Suppose an OrderService sends a confirmation email by instantiating the mailer directly inside the method. That makes the behavior hard to isolate and hard to test.

java
// Before: no seam, hard dependency inside the class
public class OrderService {
    public void placeOrder(Order order) {
        // business logic to save order
        saveOrder(order);
        // Sometimes the email-sending logic is written directly here,
        // with no EmailSender abstraction at all.
        // Similar code often gets duplicated in multiple places.
        EmailSender emailSender = new SmtpEmailSender();
        emailSender.send(order.getCustomerEmail(), "Order confirmed");
    }

    private void saveOrder(Order order) {
        // persist order
    }
}
java
// After: seam introduced through an interface
public interface EmailSender {
    void send(String to, String message);
}

public class SmtpEmailSender implements EmailSender {
    @Override
    public void send(String to, String message) {
        // real SMTP logic
    }
}

public class OrderService {
    private final EmailSender emailSender;

    public OrderService(EmailSender emailSender) {
        this.emailSender = emailSender;
    }

    public void placeOrder(Order order) {
        saveOrder(order);
        emailSender.send(order.getCustomerEmail(), "Order confirmed");
    }

    private void saveOrder(Order order) {
        // persist order
    }
}

EmailSender is the seam. In production, you pass the real SMTP implementation. In a test, you pass a fake and verify that the order flow still triggers the right side effect without sending a real email. The more seams you expose, the easier it becomes to isolate and refactor safely. When you find a stable seam, guard it with tests. Those become your checkpoints for progress.

Step 4: Turn Failures into Knowledge

When something breaks, learn from it. It tells you something you didn’t yet understand about the system. Every failure reveals a hidden dependency or assumption that was missing from your mental model. Add tests that capture that knowledge. This transforms every surprise into documentation. Over time, your test suite becomes a living document of how the system truly works.

Step 5: Focus on Continuous Improvement

Finally, remember that refactoring is not about perfection. Perfection is a trap. Progress is the goal. It’s about making tomorrow’s work easier than today’s. Small, steady improvements accumulate into massive change. It’s just like technical debt once did, only in reverse. The goal is to reach a point where changes feel safe, predictable, and reversible. Once you can make changes with confidence, the rest follows naturally.

Final Thoughts

Untested code is not only messy but orphaned. Nobody fully owns it. That is why some ten year old systems are still productive, while some code written three months ago already feels untouchable. Age is not the issue but lost understanding.

We can generate working code faster than we can understand it. If that code ships without tests, without clear seams, and without someone who can defend its behavior, then you have created legacy on day one. It may look modern. Operationally, it behaves like an old system. People avoid it. Every change later needs heroics.
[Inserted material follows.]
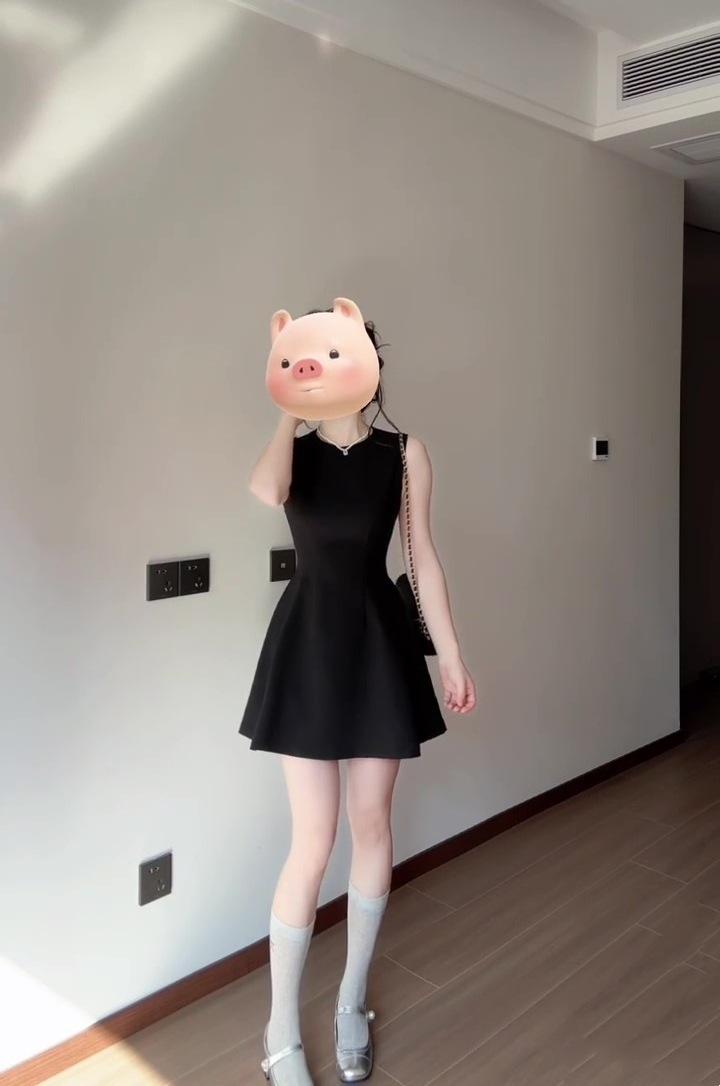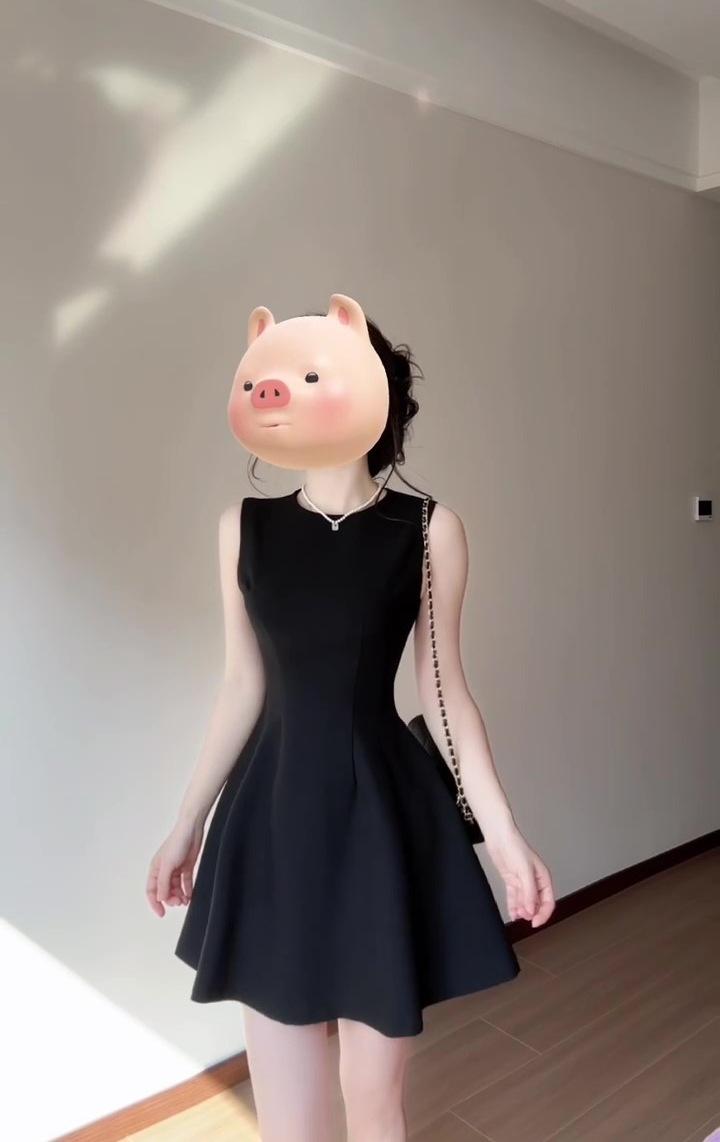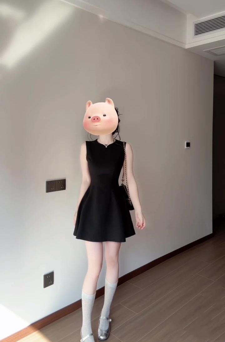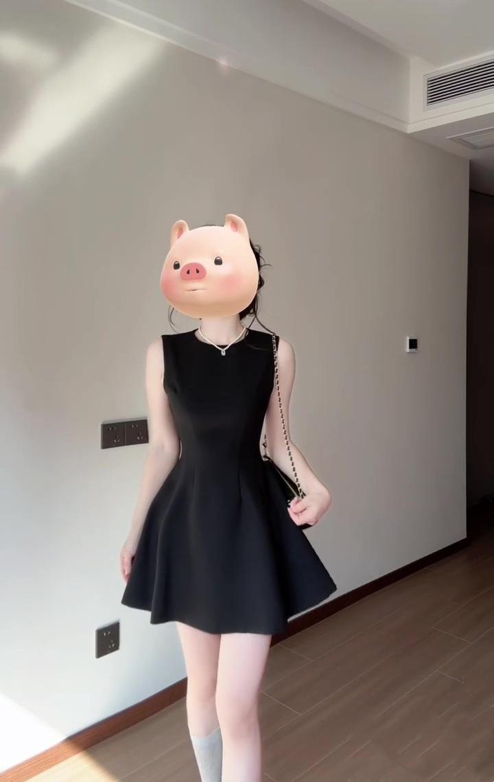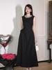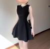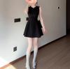 Vestido negro estilo francés para mujer, verano 2025, nuevo estilo Hepburn, sin mangas, elegante, con cintura pequeña.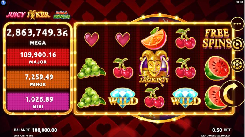 Trong game slot Juicy Joker, bảng kết quả sẽ có hình dạng 3×5 (3 dòng 5 cột) với tổng cộng 20 dòng trả thưởng. 3 biểu tượng Jackpot đặc biệt xuất hiện là bạn sẽ được tham gia Vòng quay may mắn với cơ hội ăn con giải thưởng cực khủng. Ngoài ra 3 biểu tượng Free Spins xuất hiện tại cột 1, 3 và 5 cũng sẽ cho người chơi 10 lượt quay miễn phí tha hồ kiếm vốn để chơi. Có 4 mốc nổ hũ trong game với hũ Mega là cao nhất, nhỏ nhất là hũ Mini.

So I do not think refactoring untested code is cleanup work. I think it is ownership recovery. Every characterization test, every dependency you isolate, every boundary you make visible gives the team back the ability to change the system on purpose. That is the real gain. Not prettier methods. Not clever abstractions. Lower fear, lower coordination cost, and better decisions.

Start there. Do not try to make the whole codebase elegant. Make one risky path understandable. Freeze one important behavior. Turn one hidden dependency into something visible. Refactoring untested code is how a team earns back its engineering judgment. Once the code is explainable again, it becomes improvable again.